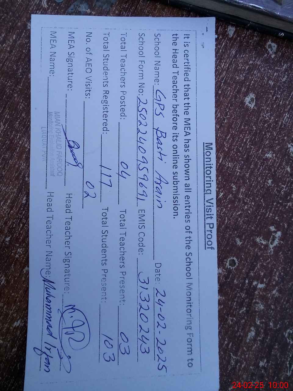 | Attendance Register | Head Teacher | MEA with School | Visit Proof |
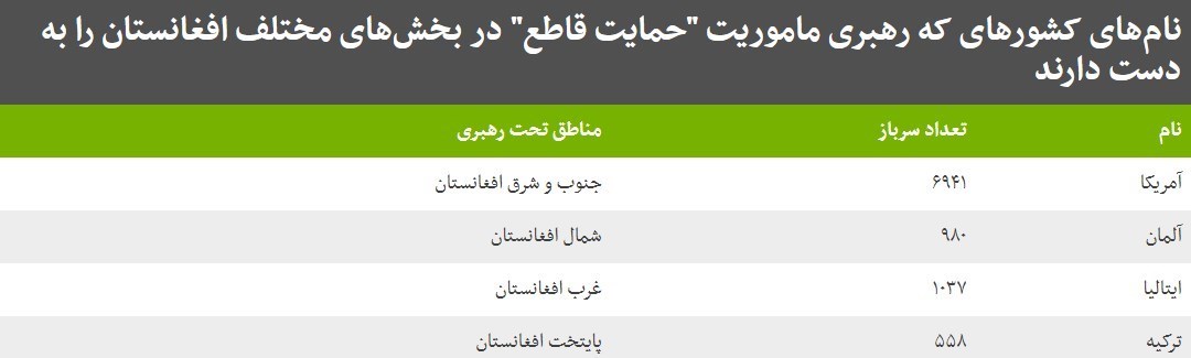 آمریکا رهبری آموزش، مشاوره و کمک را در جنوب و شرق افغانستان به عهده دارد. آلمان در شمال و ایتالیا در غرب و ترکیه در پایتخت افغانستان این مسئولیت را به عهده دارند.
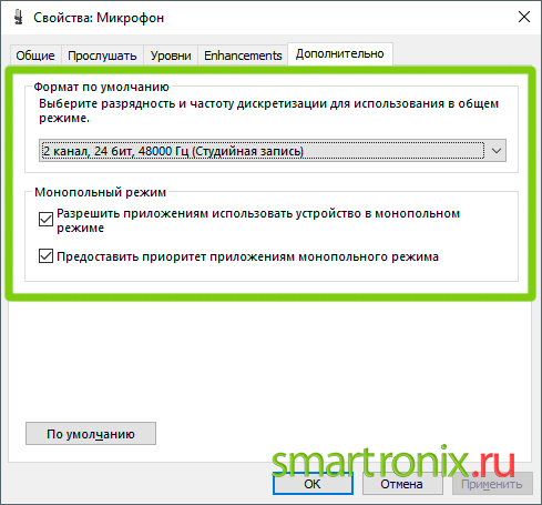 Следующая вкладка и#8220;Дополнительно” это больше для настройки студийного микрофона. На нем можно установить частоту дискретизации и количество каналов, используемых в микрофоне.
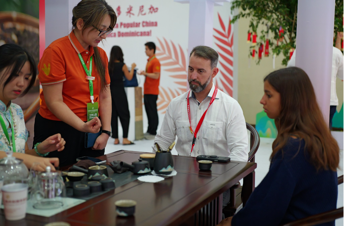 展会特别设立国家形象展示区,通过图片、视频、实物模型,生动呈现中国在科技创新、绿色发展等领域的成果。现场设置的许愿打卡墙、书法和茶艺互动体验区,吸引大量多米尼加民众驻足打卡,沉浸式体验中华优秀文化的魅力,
--*--
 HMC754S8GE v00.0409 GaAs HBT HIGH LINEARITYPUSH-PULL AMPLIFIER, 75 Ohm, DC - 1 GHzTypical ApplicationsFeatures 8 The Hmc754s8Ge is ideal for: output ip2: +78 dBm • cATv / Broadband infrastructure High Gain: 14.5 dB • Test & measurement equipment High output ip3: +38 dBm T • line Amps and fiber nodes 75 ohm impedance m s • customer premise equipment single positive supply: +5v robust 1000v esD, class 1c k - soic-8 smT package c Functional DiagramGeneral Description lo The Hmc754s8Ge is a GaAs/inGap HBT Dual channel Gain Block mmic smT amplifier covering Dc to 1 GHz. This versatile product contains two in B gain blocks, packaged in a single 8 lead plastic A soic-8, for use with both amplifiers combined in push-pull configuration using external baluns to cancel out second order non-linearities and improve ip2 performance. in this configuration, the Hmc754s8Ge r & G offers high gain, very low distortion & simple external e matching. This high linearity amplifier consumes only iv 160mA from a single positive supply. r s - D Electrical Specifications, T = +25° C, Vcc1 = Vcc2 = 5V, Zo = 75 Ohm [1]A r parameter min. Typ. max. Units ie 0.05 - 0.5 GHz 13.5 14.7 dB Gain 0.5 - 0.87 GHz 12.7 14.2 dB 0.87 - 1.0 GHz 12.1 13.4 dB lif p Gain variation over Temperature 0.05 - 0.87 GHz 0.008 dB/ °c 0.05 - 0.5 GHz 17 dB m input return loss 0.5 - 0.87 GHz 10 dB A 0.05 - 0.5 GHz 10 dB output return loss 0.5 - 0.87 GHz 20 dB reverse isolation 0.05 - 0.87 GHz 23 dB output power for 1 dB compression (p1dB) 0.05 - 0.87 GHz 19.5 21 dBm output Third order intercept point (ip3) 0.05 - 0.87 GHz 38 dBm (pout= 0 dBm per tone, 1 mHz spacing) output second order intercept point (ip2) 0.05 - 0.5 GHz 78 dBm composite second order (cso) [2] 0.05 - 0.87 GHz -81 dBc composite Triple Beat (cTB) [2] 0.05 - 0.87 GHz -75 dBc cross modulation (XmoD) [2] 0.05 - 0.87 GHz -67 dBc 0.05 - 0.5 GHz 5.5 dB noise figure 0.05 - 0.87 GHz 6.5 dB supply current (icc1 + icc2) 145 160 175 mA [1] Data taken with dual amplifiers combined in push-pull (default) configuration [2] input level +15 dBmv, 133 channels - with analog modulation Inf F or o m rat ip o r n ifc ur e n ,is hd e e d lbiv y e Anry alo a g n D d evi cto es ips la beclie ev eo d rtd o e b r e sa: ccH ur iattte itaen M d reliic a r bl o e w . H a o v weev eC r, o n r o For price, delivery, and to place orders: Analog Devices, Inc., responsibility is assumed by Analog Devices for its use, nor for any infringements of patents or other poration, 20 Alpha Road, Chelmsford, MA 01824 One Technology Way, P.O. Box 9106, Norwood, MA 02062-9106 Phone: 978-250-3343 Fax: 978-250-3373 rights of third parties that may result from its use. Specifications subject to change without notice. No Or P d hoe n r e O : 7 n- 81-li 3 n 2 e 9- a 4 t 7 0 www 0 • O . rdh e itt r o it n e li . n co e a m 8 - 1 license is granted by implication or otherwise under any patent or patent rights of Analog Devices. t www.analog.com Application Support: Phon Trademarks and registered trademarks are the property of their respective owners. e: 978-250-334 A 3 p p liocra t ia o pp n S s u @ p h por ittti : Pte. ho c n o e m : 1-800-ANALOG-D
--*--
- Aim of the task -
Please copy the lines above exactly, starting at the line that holds "используемых в микрофоне." and ending at the line that holds "展会特别设立国家形象展示区,通过图片、视"; include both, but no pictures.

- Reply to the task -
 Следующая вкладка и#8220;Дополнительно” это больше для настройки студийного микрофона. На нем можно установить частоту дискретизации и количество каналов, используемых в микрофоне.
 展会特别设立国家形象展示区,通过图片、视频、实物模型,生动呈现中国在科技创新、绿色发展等领域的成果。现场设置的许愿打卡墙、书法和茶艺互动体验区,吸引大量多米尼加民众驻足打卡,沉浸式体验中华优秀文化的魅力,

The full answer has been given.